When I was younger, if Michael and I had a disagreement in the evening close to bed time, I really struggled to get over it. And the thought of being intimate that night was no where in my thoughts at all. It wasn’t that I was holding a grudge but that I struggled with turning off that part of my emotions and turning on the part of me that relished in intimacy with him.
Over the years I have learned how to disconnect the frustration that I have had with him over whatever topic and put my mind in the right place to enjoy being close to my man.
Lately it seems that Michael and I have completely opposite ideas about a couple of perpetual situations in our lives right now. These are things that we cannot just simply make a decision and move on. One is something that is completely out of our control and our thoughts about the situation and what should be done (not by us). The other is a situation that is requiring a LOT of prayer to discern God’s plan over.

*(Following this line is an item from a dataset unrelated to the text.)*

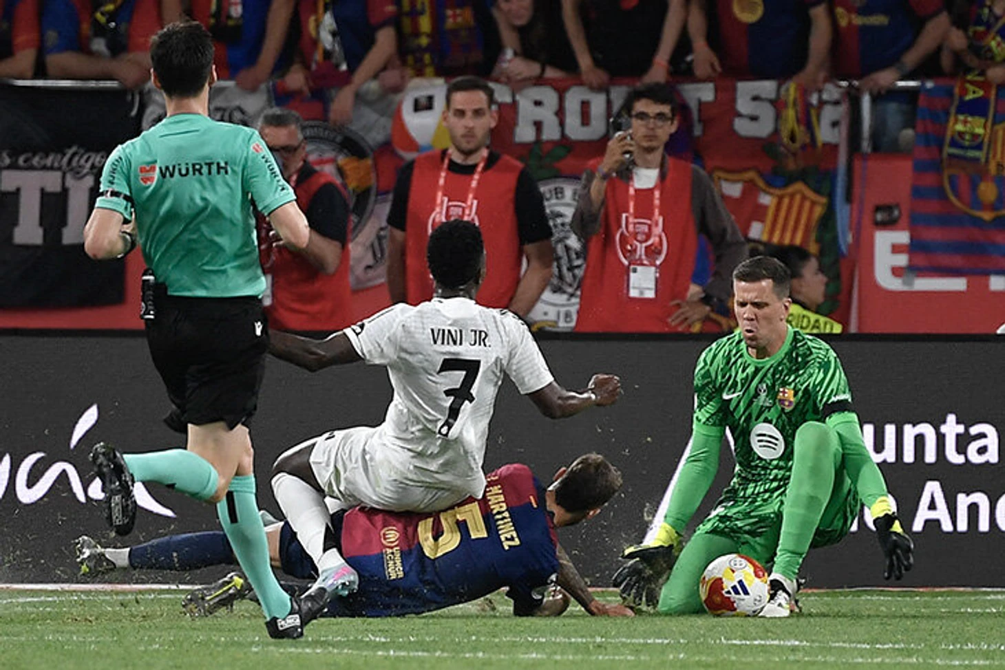 В концовке первого тайма Винисиус упал в штрафной «Барселоны» после столкновения с Войчехом Шченсным и Иньиго Мартинесом. Арбитр Рикардо де Бургос Бенгоэчеа пенальти не назначил, так как с помощью ВАР зафиксировал у бразильца офсайд.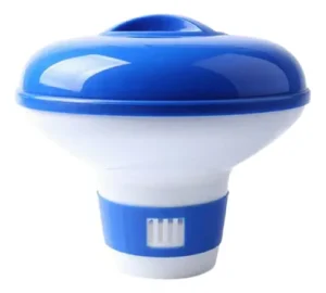Compacto e fácil de usar — basta colocar sobre a água da piscina com o tablete de cloro.

Thankfully I have learned to turn off the thoughts of those two subjects, put them in a box, and enjoy the love and relationship I have with my honey. If I operated the way I did in my younger years, being ruled by my current emotions, I would be robbing not only myself but my husband of the very thing that can further strengthen our relationship, in spite of the current situations.
It’s important to let the love we have had over the years rise to the surface and help us through these difficult situations.
I hope my rambling today encourages you to put away the frustrations of a disagreement and relish in the love you and your spouse have for one another.